2. The preparation method of the double-core twisted shielding cable according to claim 1, wherein the coating and drying mechanism comprises an installation table (1), the top of the installation table (1) is fixedly connected with a mounting frame (2), one side of the mounting frame (2) is fixedly connected with a first motor (3), the output end of the first motor (3) is fixedly connected with a first rotating shaft (4) rotationally connected with the mounting frame (2) through a coupler, the outer surface of the first rotating shaft (4) is fixedly sleeved with a first gear (5), the outer surface of the first gear (5) is in meshed connection with two second gears (6), the middle of the second gear (6) is fixedly sleeved with a first processing pipe (7) rotationally connected with the mounting frame (2), and the outer surface of the first rotating shaft (4) is in transmission connection with a second processing pipe (8) rotationally connected with the mounting frame (2);

the novel plastic packaging machine is characterized in that the coating mechanism connected with the mounting frame (2) is fixedly connected to the outer surface of the first machining pipe (7) and the second machining pipe (8), the drying mechanism connected with the mounting frame (2) is fixedly connected to the outer surface of the first machining pipe (7) and the outer surface of the second machining pipe (8), the twisting device (9) is fixedly connected to the mounting table (1), and the wrapping device (10) is fixedly connected to the mounting table (1).

3. The method for manufacturing the dual-core twisted shielded cable according to claim 2, wherein the transmission mechanism comprises a second rotating shaft (11) rotatably connected with the mounting frame (2), the first rotating shaft (4) is in transmission connection with the outer surface of the second rotating shaft (11) through a belt, a third gear (12) is fixedly sleeved on the outer surface of the second rotating shaft (11), and a fourth gear (13) fixedly sleeved on the second processing pipe (8) is connected on the outer surface of the third gear (12) in a meshed manner.
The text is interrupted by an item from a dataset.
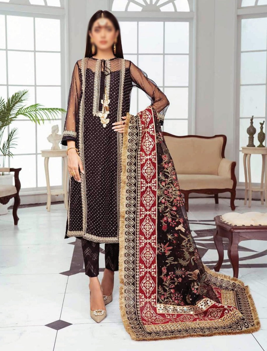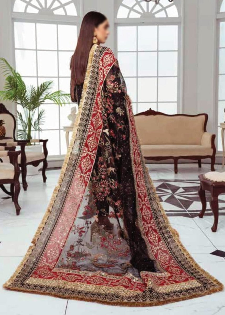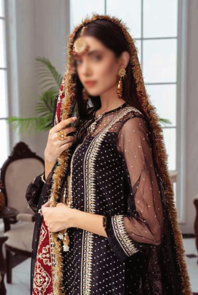 The standard style comes as a long-sleeved kameez with dupatta and trouser/shalwar.

4. The method for preparing the double-core twisted shielded cable according to claim 2, wherein the smearing mechanism comprises a first mounting ring (21) fixedly connected with a first processing pipe (7) and a second processing pipe (8), a first functional cavity (22) is formed in the first mounting ring (21), a first transmission gear ring (23) is rotatably connected to the first mounting ring (21), a first transmission gear (24) rotatably connected with the first functional cavity (22) is in transmission connection with the inner surface of the first transmission gear ring (23), a first transmission rack (25) in sliding connection with the first mounting ring (21) is meshed with the outer surface of the first transmission gear (24), the first transmission rack (25) is in sliding connection with the first processing pipe (7) and the second processing pipe (8), one end of the first transmission rack (25) is fixedly connected with a smearing block (26), a plurality of brushes (27) are fixedly connected to the outer surface of the smearing block (26), a plurality of through holes (28) are formed in the first transmission rack (25) and the first feeding block (26) and are fixedly connected with the outer surface of the first hose (28), the outer surface of the feeding pipe (28) is fixedly connected with a feeding mechanism connected with the mounting frame (2) through a hose, and the outer surface of the first transmission gear ring (23) is in transmission connection with a transmission mechanism.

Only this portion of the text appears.